Why chunk is returning some code while reading the

2019-08-29 23:45发布

问题:

Further to my old question, We are generating XML using following code:

download_xml('GET', [])->
    Xml =generateXML(123445),
    %% generated Xml  data in string without any values 400,.etc
    Filename = export_xml:get_file_name(?SESSION_ID1, ?SESSION_ID2), 
    Filepath = "./priv/static/" ++ Filename,
    TotalSize = filelib:file_size(Filepath),
    {ok, FP} = file:open(Filepath, [read]),
    Generator = fun(FH) -> 
                        case file:read(FH, 1024) of %% But this line is causing something that we never wanted.
                            eof -> file:close(FH), 
                                   done; 
                            {ok, Data} -> 
                                {output, Data, FH} 
                        end 
                end,
{stream, Generator, FP, [
                             {"Content-Type", "application/force-download"},
                             {"Content-Disposition", "attachment; filename=" ++ Filename},
                             {"Content-length", TotalSize}
                            ]}.

We are reading files in chunks using file:read(FH, 1024) by this line. But this line is also appending some numbers 400, 400, 3b2 in each chunk. We have observed that those codes are nothing but the Hexadecimal values for each chunk. Here is the sample XML :

sample.xml

400
<?xml version="1.0" encoding="UTF-8"?>.....</info><inf
400
tel>4444</tel>...<address></address>
3b2
<name> Abc</name><surname>EFg</surname><city>XYZ</city>....
</DATA>
0

Since, on changing the chunk size to 2048 from 1024 (i.e file:read(FH, 2048)) values also get changed to 808, 365, 0.

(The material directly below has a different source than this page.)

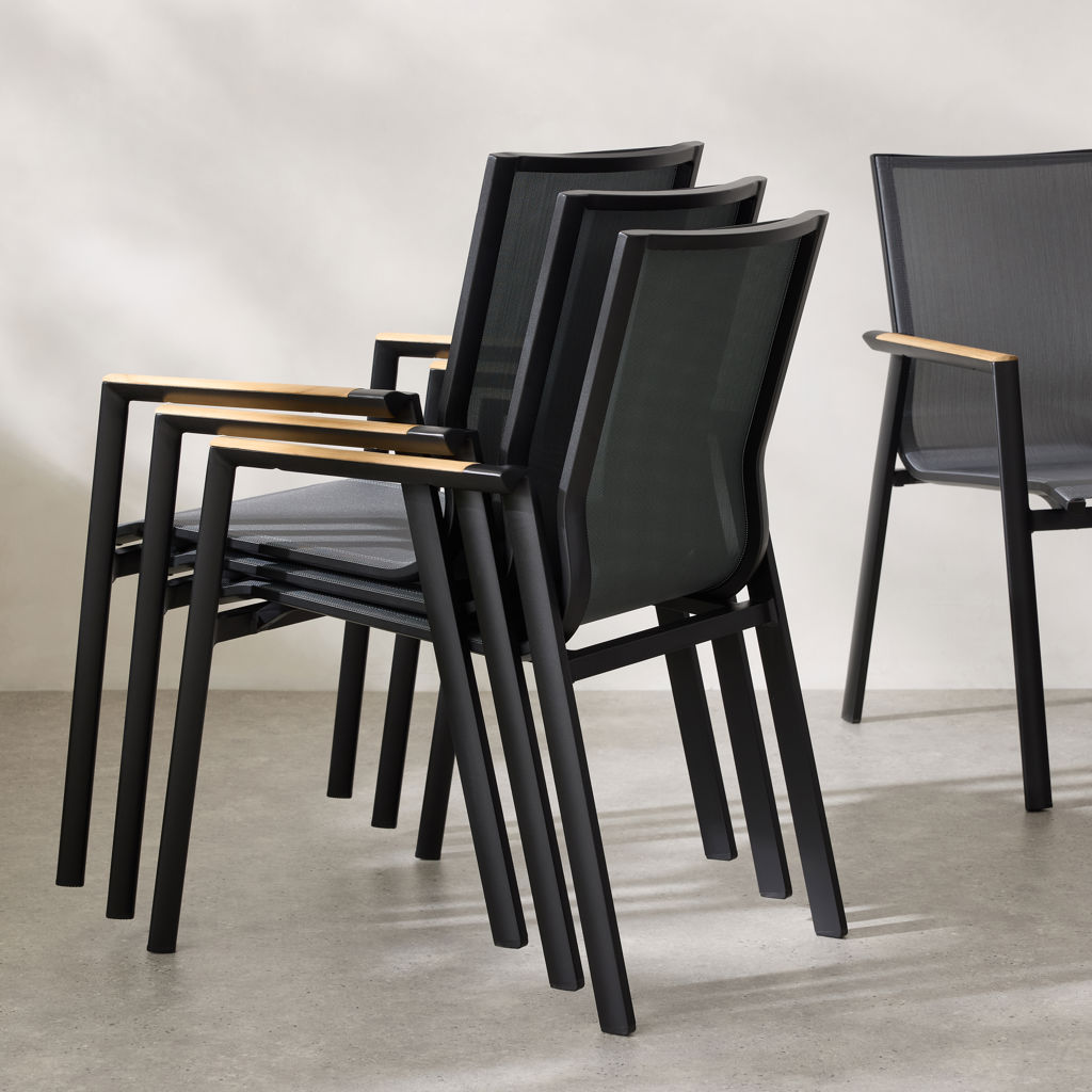 • Chaise de salle à manger d'extérieur empilable Aspen - Noir : 47 X 27 X 14

What we're not understanding is: - While streaming the file contents in chunks, each chunk is appending, it's (chunk's) size in the XML and then actual chunk is inserted.

Here is small XML wanted to generate has size (93 Bytes):

<?xml version="1.0">
<info>
<name> Abc</name>
<surname>EFg</surname>
<city>XYZ</city>
</info>

After generating we get the output as:

5d
<?xml version="1.0">
<info>
<name> Abc</name>
<surname>EFg</surname>
<city>XYZ</city>
</info>
0 

5d = 93 (Chunk size) In this case file size.

The Question is:

  • Why chunk is appending size before each chunk while streaming the file with Generator?

NOTE - We also tried removing header list {"Content-length", TotalSize} from the code, but did not work :(

回答1:

I saw an exchange in the erlang bug mailing list which looks related to your problem : Misleading docs or implementation of file:read/2 and friends

It seems that the usage of file:read/2 is not 100% clean with the utf8 option. They recommend to use instead io:read/3, but I don't see how to deal with chunks and potential new line.